7. The method of claim 6, wherein the method further comprises: Said step S4, in the near-focus camera video frame in the lateral detection area A1 in the matching track template frame Tk A , output the horizontal pixel distance d kA of the best matching frame S kA ; Match the track template frame Tk B , output the horizontal pixel distance d kB of the best matching frame S kB ; In the frame-by-frame matching of the template frame Tk of the track in the lateral detection area A2 in the video picture of the fixed-focus camera C , output the horizontal pixel distance d of the best matching frame S kC ; match the template frame Tk of the track, output the horizontal pixel distance d of the best matching frame S kC . D kD kD .​​ 8. The method of claim 6, wherein the method further comprises: In the step S6, the calculation process is as follows: The horizontal offset distance dmiddle_k_close of the track center of the kth frame of the close-up camera is calculated according to the following formula: The horizontal offset distance dmiddle_k_far of the track center of the kth frame of the telephoto camera is calculated, and the calculation formula is: where the field of view FOV of the close-up camera is (F H1 , F W1 ), the focal length is f1, and the photosensitive element size is (C H1 , C W1 ), the field of view FOV of the telephoto camera is (F H2 , F W2 ), the focal length is f2, and the photosensitive element size is (C H2 , C W2 ).

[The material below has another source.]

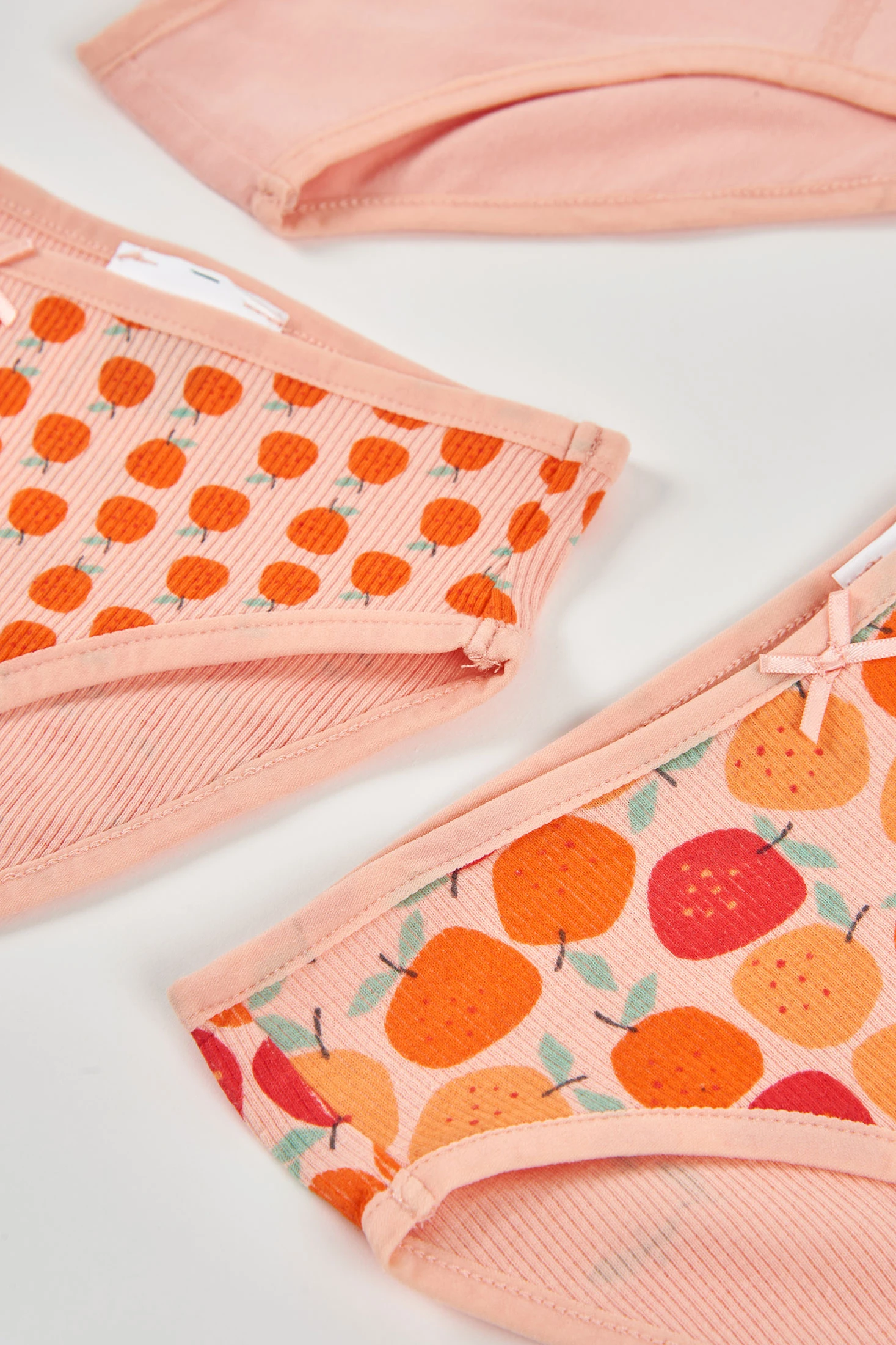 Pack de 3 braguitas de algodón para niña que combina confort y estilo para el día a día. Disponible en tallas desde 2 hasta 14 años. Presenta un diseño atractivo: una lisa con pequeño lazo decorativo y dos con estampados frutales en tonos naranja y rojo. El algodón suave asegura comodidad para pieles delicadas. Ideal para combinar con conjuntos casuales de diario, manteniendo siempre una sensación de frescura y suavidad. El color y diseño las hacen una opción divertida y práctica para la ropa interior de las pequeñas.

9. The method of claim 8, wherein, In the step S7, the calculation process is as follows: calculating a radius of curvature R of the kth frame track of the close-up camera k_close , the calculation formula is: calculating a radius of curvature R of the kth track of the telecentric camera k_far , the calculation formula is: If the field of view of the telephoto camera is not blocked, the curvature radius of the track is calculated according to the calculation result of the telephoto camera: R k = R k_far If the field of view of the telephoto camera is blocked, the calculation result of the close-up camera needs to be used: R k = R k_close 。 10. The method of claim 8, wherein, The calculation process in step S8 is as follows: Wherein J0 is the horizontal rotation angle of the pan-tilt head of the telephoto camera in the pose correction in the step S1.

11. An electronic device comprising a memory and a processor, said memory having stored thereon a computer program, characterized in that, The processor executes the program to implement the method in any one of claims 1-10.

12. A computer readable storage medium having stored thereon a computer program, characterized in that, The program is executed by the processor to implement the method in any one of claims 1-10.